What to produce ▸ Within the entries below, please retype exactly the lines starting with the line that has "The image displays" and going on through the line that has "6月10日,葡萄牙总统德索萨在里斯本的庆祝活动现场发表讲话。 当日,葡萄牙举行国庆日庆祝活动。 新华社发(佩德罗·菲乌萨", but not the pictures.

Material provided ▸
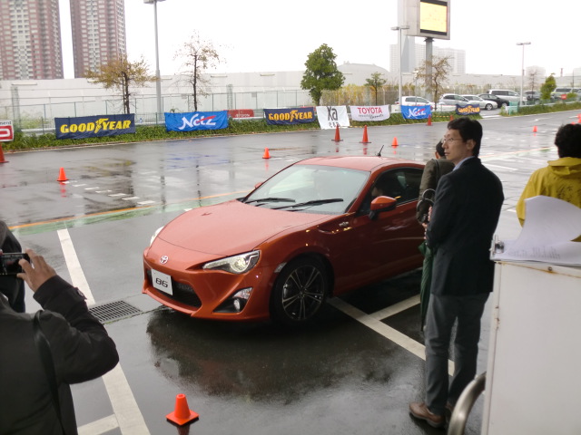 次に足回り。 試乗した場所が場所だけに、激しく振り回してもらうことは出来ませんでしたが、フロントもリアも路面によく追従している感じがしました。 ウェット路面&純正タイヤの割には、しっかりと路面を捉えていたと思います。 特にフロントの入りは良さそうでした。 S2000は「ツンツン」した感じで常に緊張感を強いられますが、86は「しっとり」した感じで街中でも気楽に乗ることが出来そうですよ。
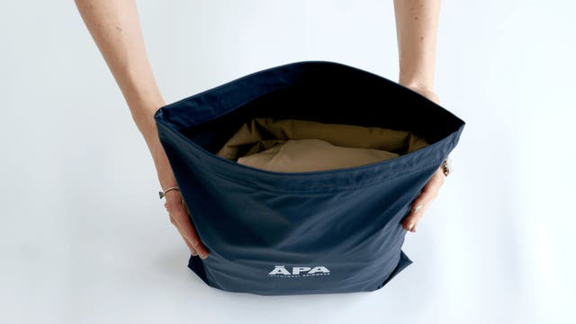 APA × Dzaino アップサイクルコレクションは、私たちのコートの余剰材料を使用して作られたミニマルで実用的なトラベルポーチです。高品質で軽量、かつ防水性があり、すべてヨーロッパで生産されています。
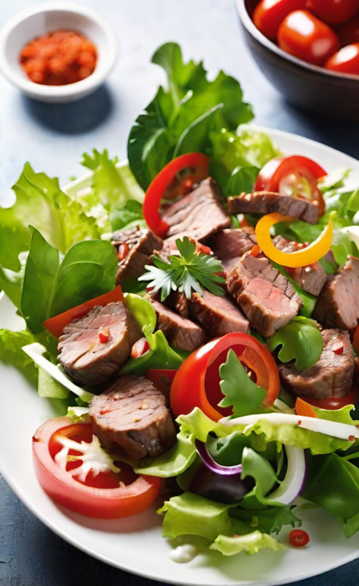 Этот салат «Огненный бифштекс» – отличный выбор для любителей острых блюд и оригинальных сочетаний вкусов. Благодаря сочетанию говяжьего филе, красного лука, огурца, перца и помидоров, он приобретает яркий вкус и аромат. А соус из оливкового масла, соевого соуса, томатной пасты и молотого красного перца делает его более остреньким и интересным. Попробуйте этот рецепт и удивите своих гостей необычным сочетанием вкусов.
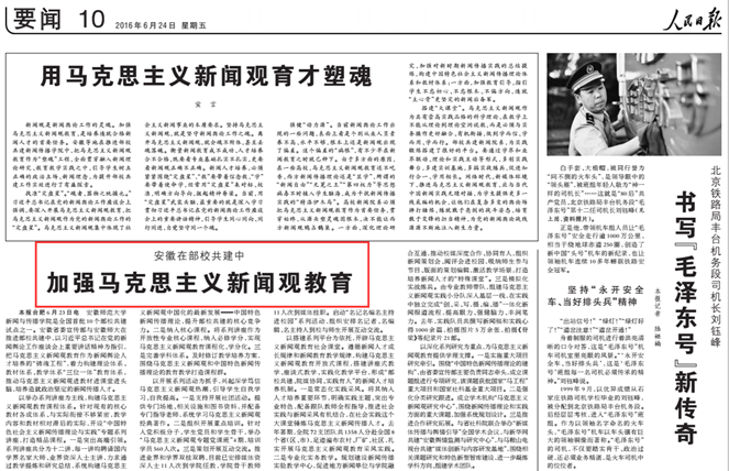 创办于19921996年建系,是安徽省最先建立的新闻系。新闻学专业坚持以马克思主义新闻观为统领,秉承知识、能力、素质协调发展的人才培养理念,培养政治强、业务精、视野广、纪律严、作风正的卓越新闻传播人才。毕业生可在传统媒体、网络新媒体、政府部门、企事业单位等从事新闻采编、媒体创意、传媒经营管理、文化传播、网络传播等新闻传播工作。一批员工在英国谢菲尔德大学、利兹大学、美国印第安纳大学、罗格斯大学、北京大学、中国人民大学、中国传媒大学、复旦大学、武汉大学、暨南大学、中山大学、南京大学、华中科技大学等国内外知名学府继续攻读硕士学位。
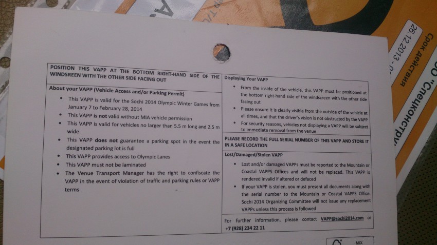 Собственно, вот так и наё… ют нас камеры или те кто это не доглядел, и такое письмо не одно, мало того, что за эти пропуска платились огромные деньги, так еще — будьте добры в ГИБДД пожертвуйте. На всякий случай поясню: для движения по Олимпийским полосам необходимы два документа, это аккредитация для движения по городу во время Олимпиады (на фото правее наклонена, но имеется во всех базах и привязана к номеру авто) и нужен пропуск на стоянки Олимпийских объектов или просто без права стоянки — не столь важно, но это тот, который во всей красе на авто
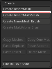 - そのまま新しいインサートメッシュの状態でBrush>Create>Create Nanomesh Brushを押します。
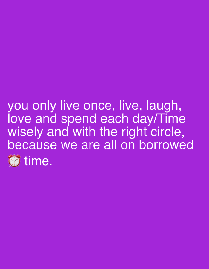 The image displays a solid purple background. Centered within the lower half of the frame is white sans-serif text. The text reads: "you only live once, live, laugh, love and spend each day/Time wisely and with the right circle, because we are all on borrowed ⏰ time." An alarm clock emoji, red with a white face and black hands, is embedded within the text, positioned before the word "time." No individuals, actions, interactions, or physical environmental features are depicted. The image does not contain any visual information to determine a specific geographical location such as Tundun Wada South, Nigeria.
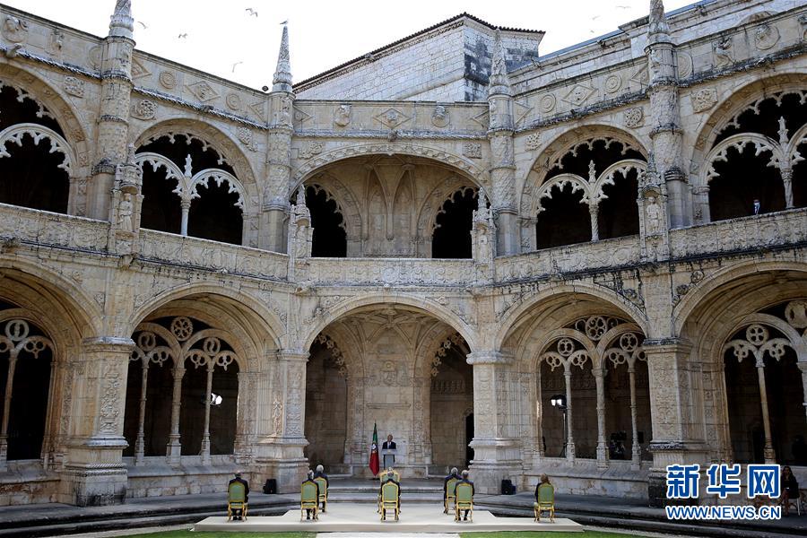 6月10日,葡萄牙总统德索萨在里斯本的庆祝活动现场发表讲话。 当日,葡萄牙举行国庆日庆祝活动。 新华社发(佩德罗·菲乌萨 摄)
* * *
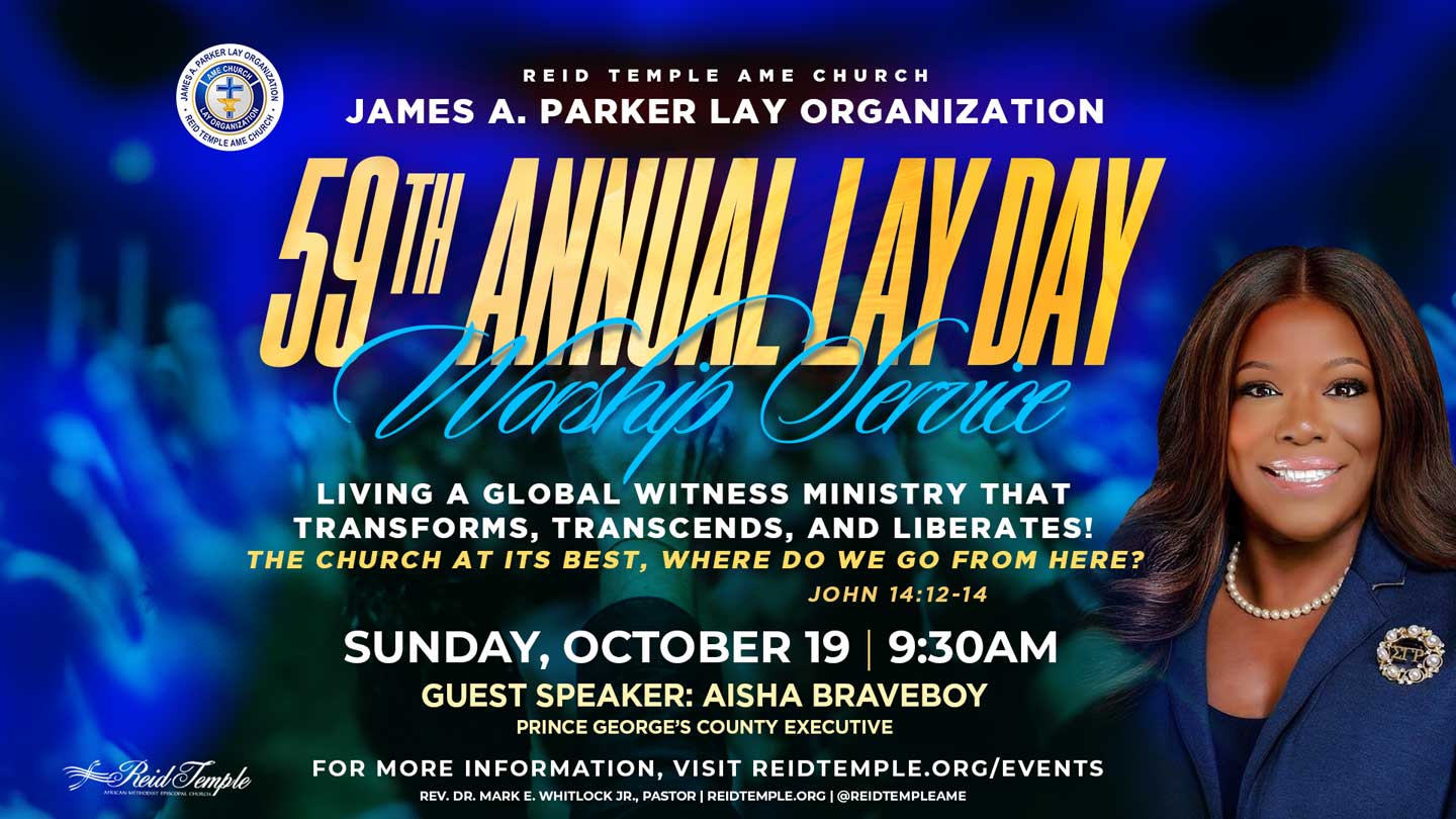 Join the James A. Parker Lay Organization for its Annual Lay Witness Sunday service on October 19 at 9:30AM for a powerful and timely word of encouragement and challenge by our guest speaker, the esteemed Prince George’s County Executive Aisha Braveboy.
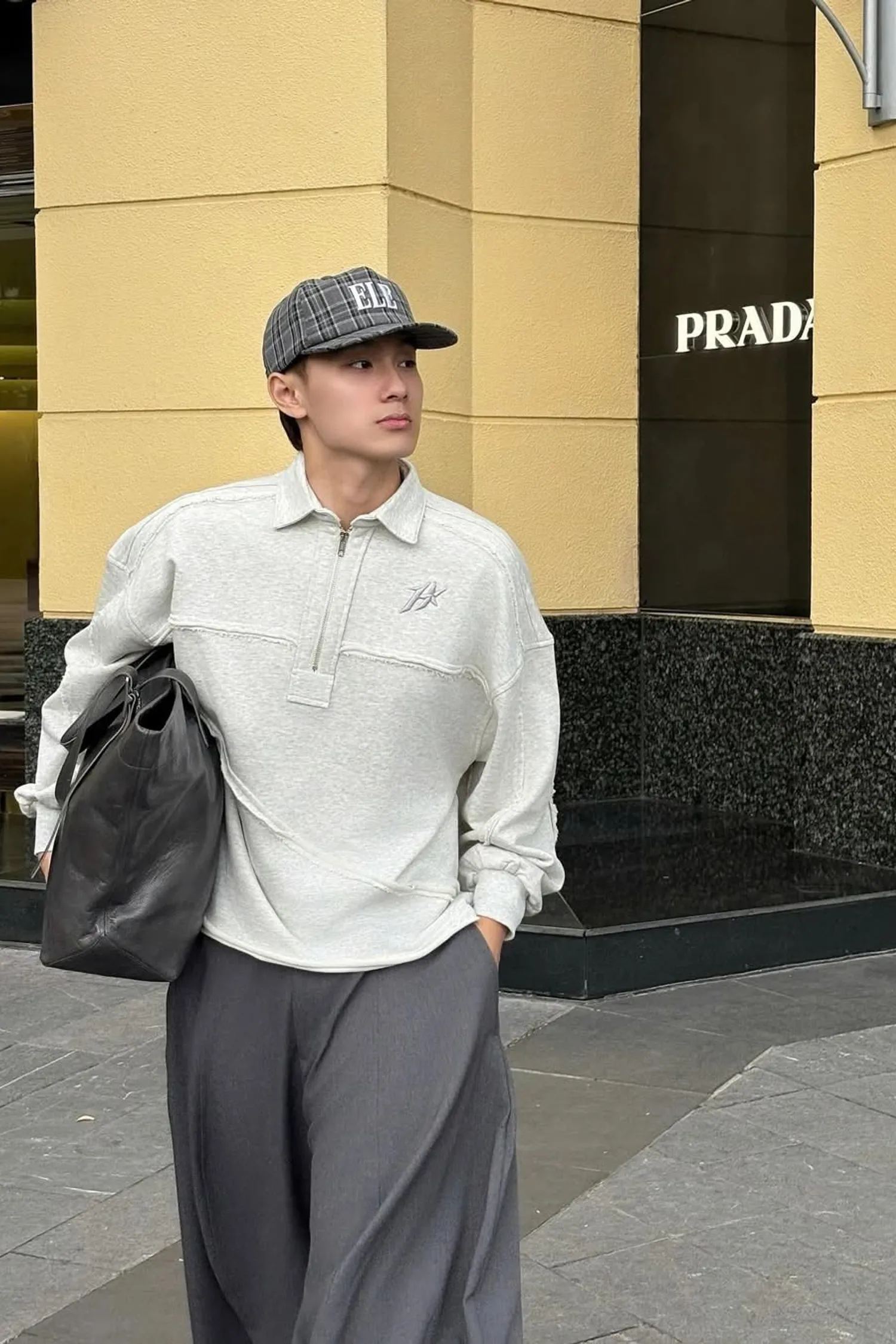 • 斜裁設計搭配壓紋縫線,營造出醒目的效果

Answer to this problem ▸
 The image displays a solid purple background. Centered within the lower half of the frame is white sans-serif text. The text reads: "you only live once, live, laugh, love and spend each day/Time wisely and with the right circle, because we are all on borrowed ⏰ time." An alarm clock emoji, red with a white face and black hands, is embedded within the text, positioned before the word "time." No individuals, actions, interactions, or physical environmental features are depicted. The image does not contain any visual information to determine a specific geographical location such as Tundun Wada South, Nigeria.
 6月10日,葡萄牙总统德索萨在里斯本的庆祝活动现场发表讲话。 当日,葡萄牙举行国庆日庆祝活动。 新华社发(佩德罗·菲乌萨 摄)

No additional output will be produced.